Believe me, if I could find a way to meet my sales targets without expensive and difficult to manage sales people I would. However, as our solutions are all about adapting our technology to the customer’s often very complex business processes this is not a solution that can be sold via a website or automated questionnaire; it requires a great deal of skill and experience.
So for now dear customer, please deal with my sales person; he or she is your best chance of solving that vexing problem that is costing your organization money and productivity. All you really need to do is be very clear about what you want and very focussed on the questions you want answered. There is nothing to be afraid of because if you do your homework you will quickly be able to differentiate the good sales person from the bad sales person and then take the appropriate action. I never deal with a bad sales person and nor should you. I also really enjoy dealing with a professional sales person who knows his/her business and knows how to research and qualify my needs.

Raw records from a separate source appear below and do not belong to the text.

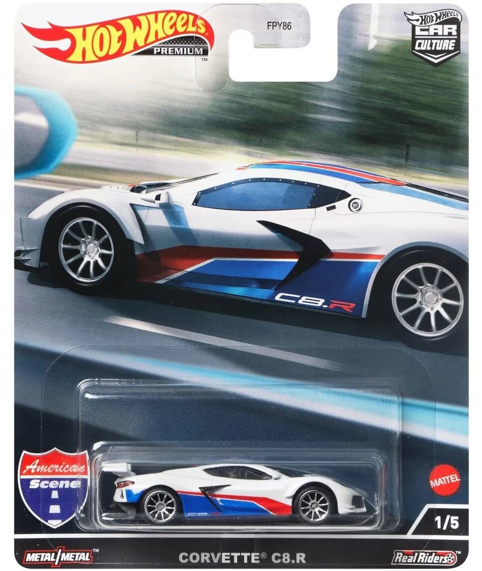 Chevy Corvette C8.R Pearl White with Red and Blue Stripes American Scene Car Cul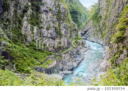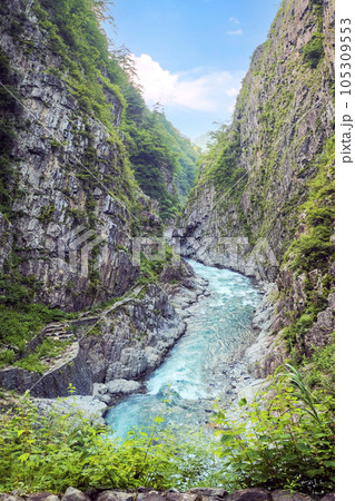 清津川 清津峡入口付近の景色 景色 新緑のころ 新潟県十日町市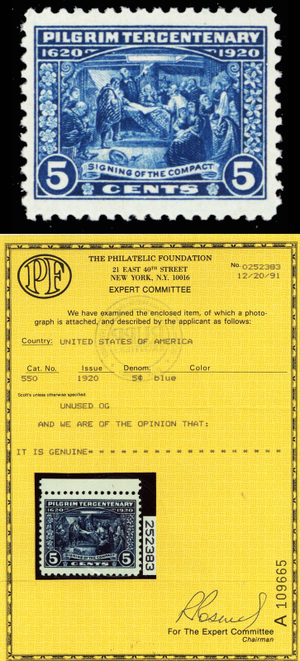 Due to the high cost of obtaining certificates we will only refund the cost of the stamp and not the cost of the certificate for stamps that sell for less than $250 that come back with a negative certificate. Stamps that sell for above $250 will receive a full refund for both the price of the stamp and cost of the certificate if it should come back not as described. For U.S. stamps only certificates from either APS, PSE or from the Philatelic Foundation are accepted, however "graded" certificates or "encased" items are not accepted.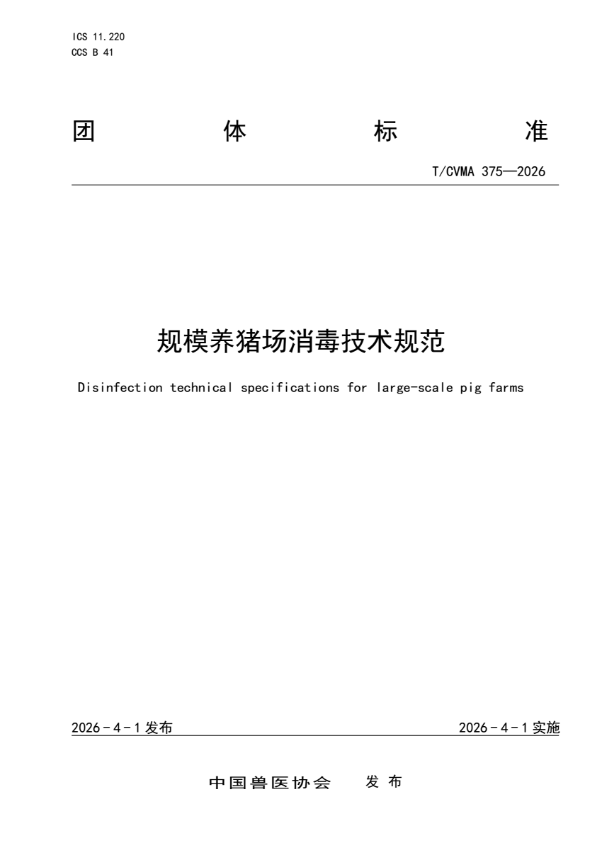 T_CVMA 375-2026 规模养猪场消毒技术规范.pdf

A good sales person uses my time wisely and saves me money. A bad sales person doesn’t get the chance to waste my time. This should be your approach too; be happy and willing to deal with a sales person but only if he/she is a professional and can add value to your business.
Sales people call this the value proposition. More explicitly; if the sales person is not able to articulate a value proposition to the customer that resonates with the customer then he/she shouldn’t be there. Look for the value proposition; if it isn’t apparent, close the meeting. Make each and every sales person understand, if they aren’t able to articulate a value proposition for your business then there is no point in continuing the conversation.
Dealing with a sales person isn’t difficult; it is all up to you to know what you want (the value proposition) and what questions to ask. Do your preparation and you will never fear a sales person again.